We all remember the dusty uphill road that leads to the green church common. We
remember the white spire pointing upward against a background of blue sky and feathery
elms. We remember the sound of the bell that falls on the Sabbath morning stillness,
calling us across the daisy-sprinkled meadows of June, the golden hayfields of July, or
the dazzling whiteness and deep snowdrifts of December days.
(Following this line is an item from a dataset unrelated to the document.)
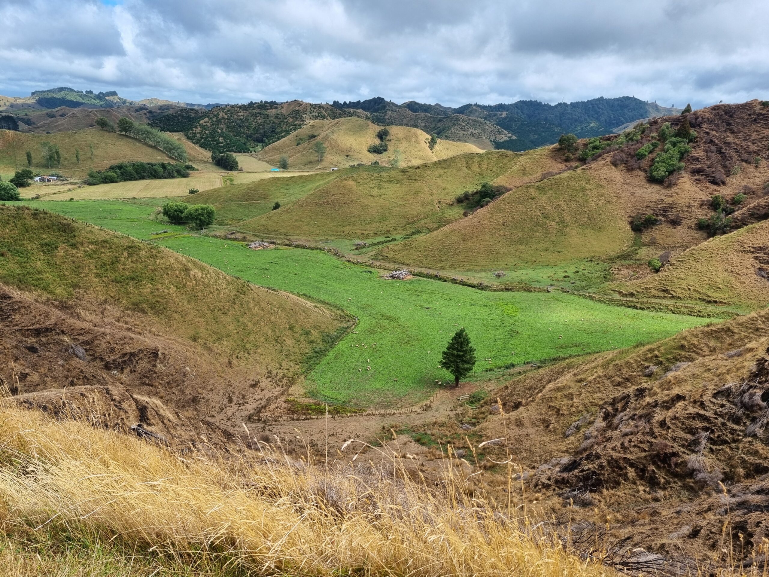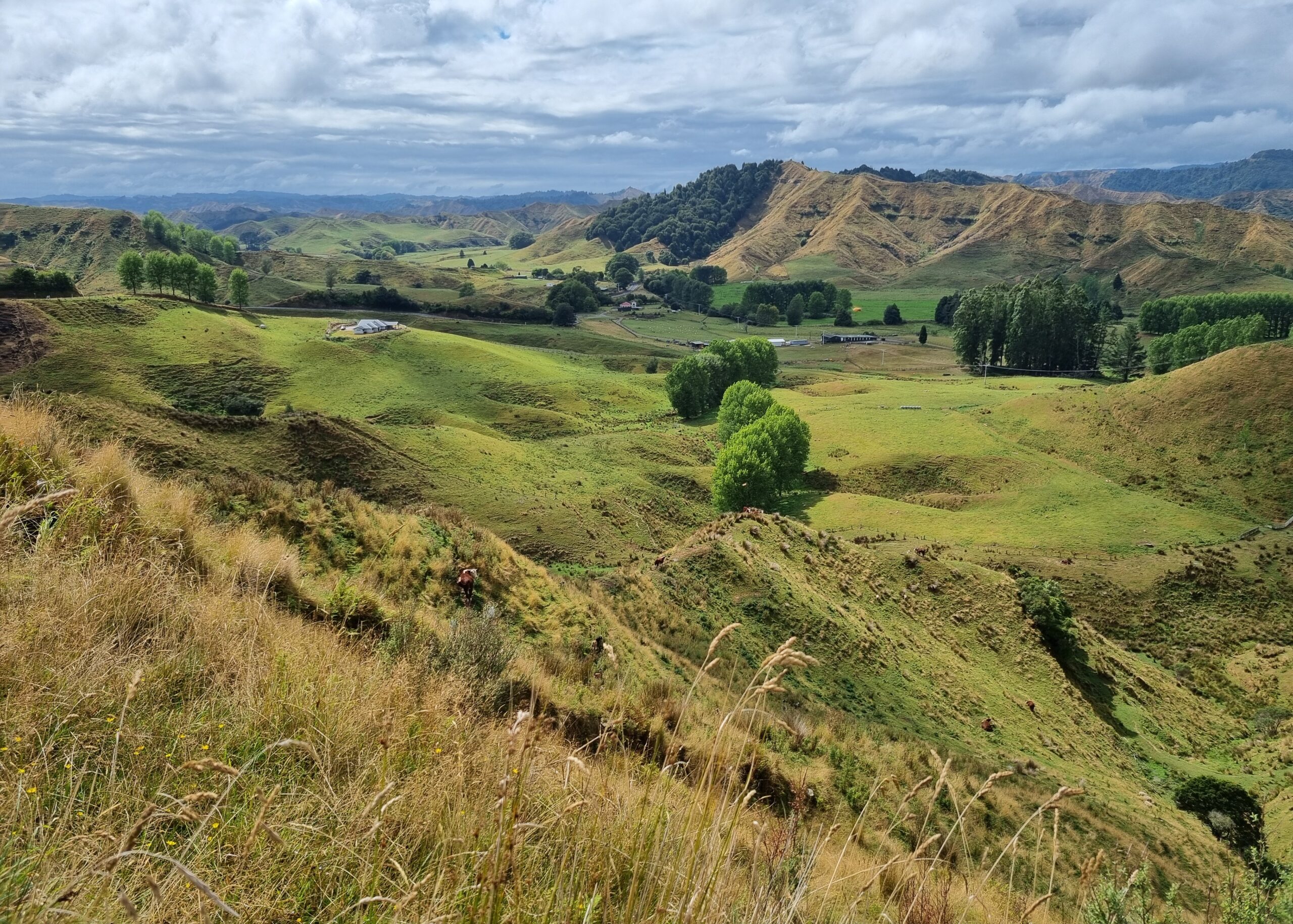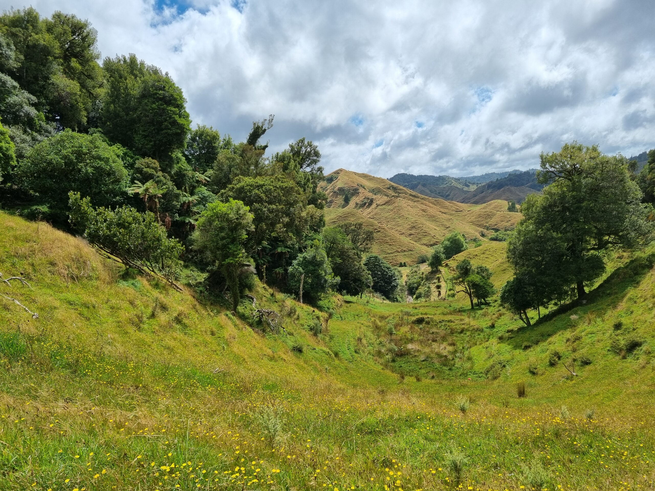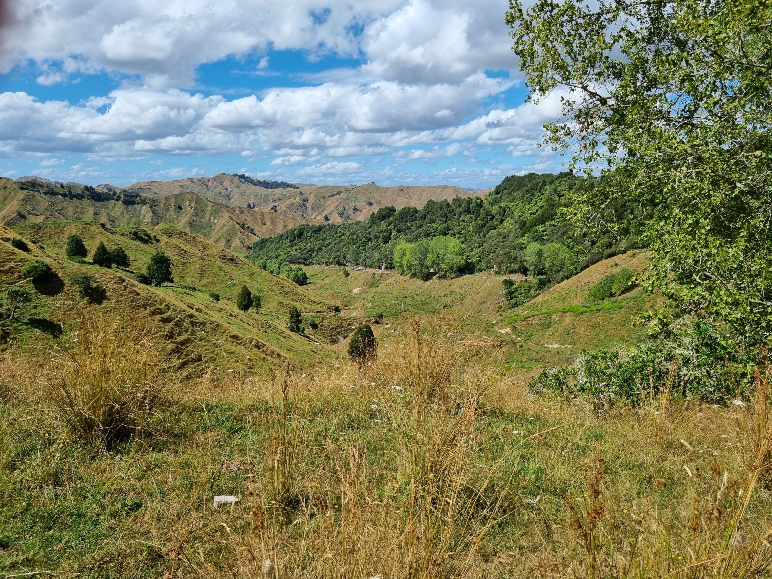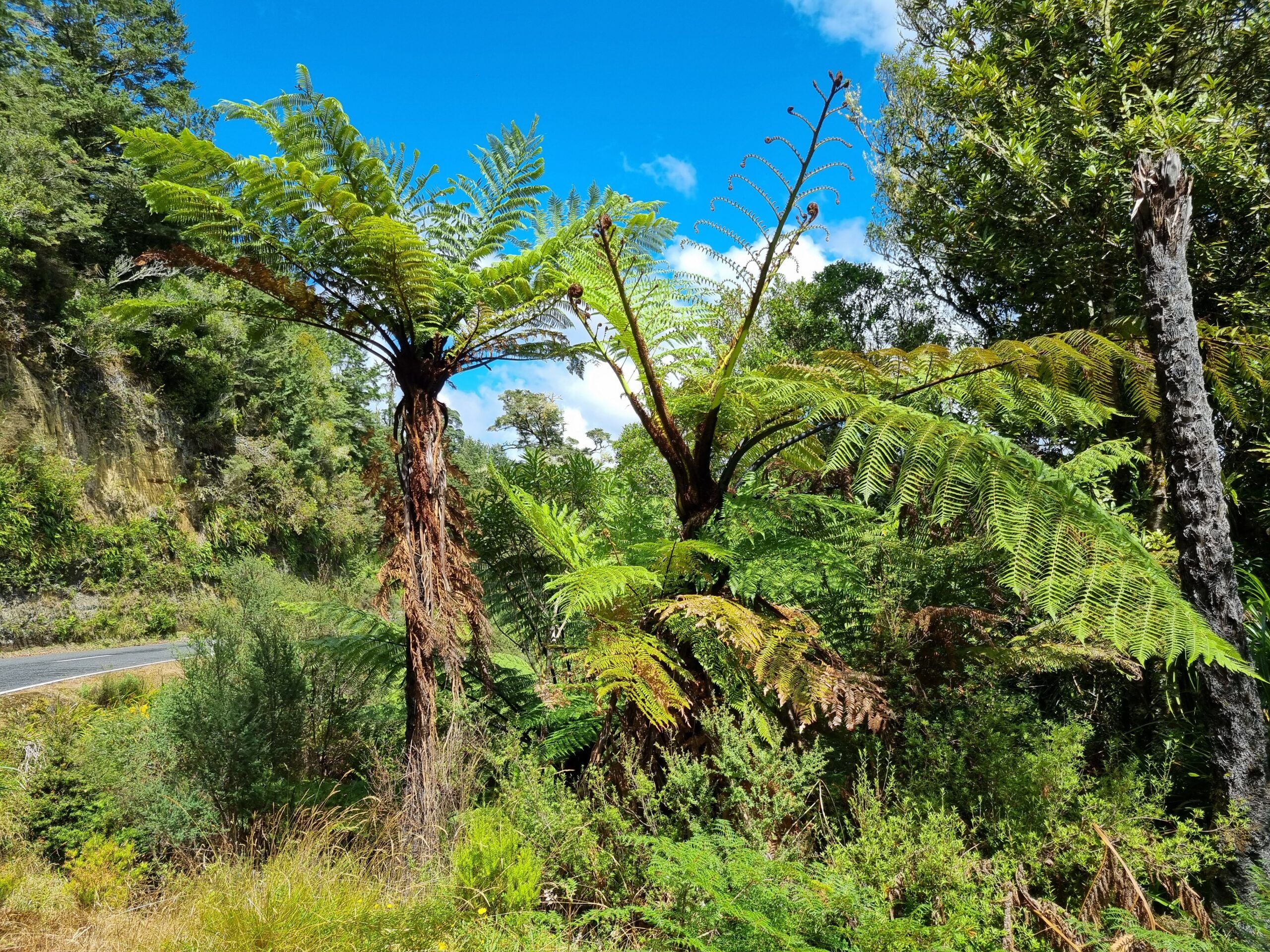 Da das Wetter besser werden sollte, entschieden wir uns für die Fahrt auf der State Highway 43, dem „Forgotten World Highway„, um zu unserem nächsten Ziel, dem Tongariro Nationalpark, zu gelangen. Diese erst seit kurzem durchgehend geteerte Strasse führt auf rund 155 Kilometern durch eine traumhaft schöne, hügelige Landschaft. Wir würden „iconic New Zealand“ sehen, sagte uns unsere Gastgeberin zum Abschied. Nachfolgend einige Impressionen dieses malerischen Teils von Neuseelands Nordinsel.

The little cabinet-organ
that plays the Doxology, the hymn-books from which we sing "Praise God from whom
all blessings flow," the sweet freshness of the old meeting-house, within and without,--
how we have toiled to secure and preserve these humble mercies for ourselves and our
children!
There really is a Dorcas Society, as you and I well know, and one not unlike that in these
pages; and you and I have lived through many discouraging, laughable, and beautiful
experiences while we emulated the Bible Dorcas, that woman "full of good works and
alms deeds."
There never was a Peabody Pew in the Tory Hill Meeting-House, and Nancy's love story
and Justin's never happened within its century-old walls, but I have imagined only one of
the many romances that have had their birth under the shadow of that steeple, did we but
realize it.
As you have sat there on open-windowed Sundays, looking across purple clover-fields to
blue distant mountains, watching the palm-leaf fans swaying to and fro in the warm
stillness before sermon time, did not the place seem full of memories, for has not the life
of two villages ebbed and flowed beneath that ancient roof? You heard the hum of
droning bees and followed the airy wings of butterflies fluttering over the grave-stones in
the old churchyard, and underneath almost every moss-grown tablet some humble
romance lies buried aud all but forgotten.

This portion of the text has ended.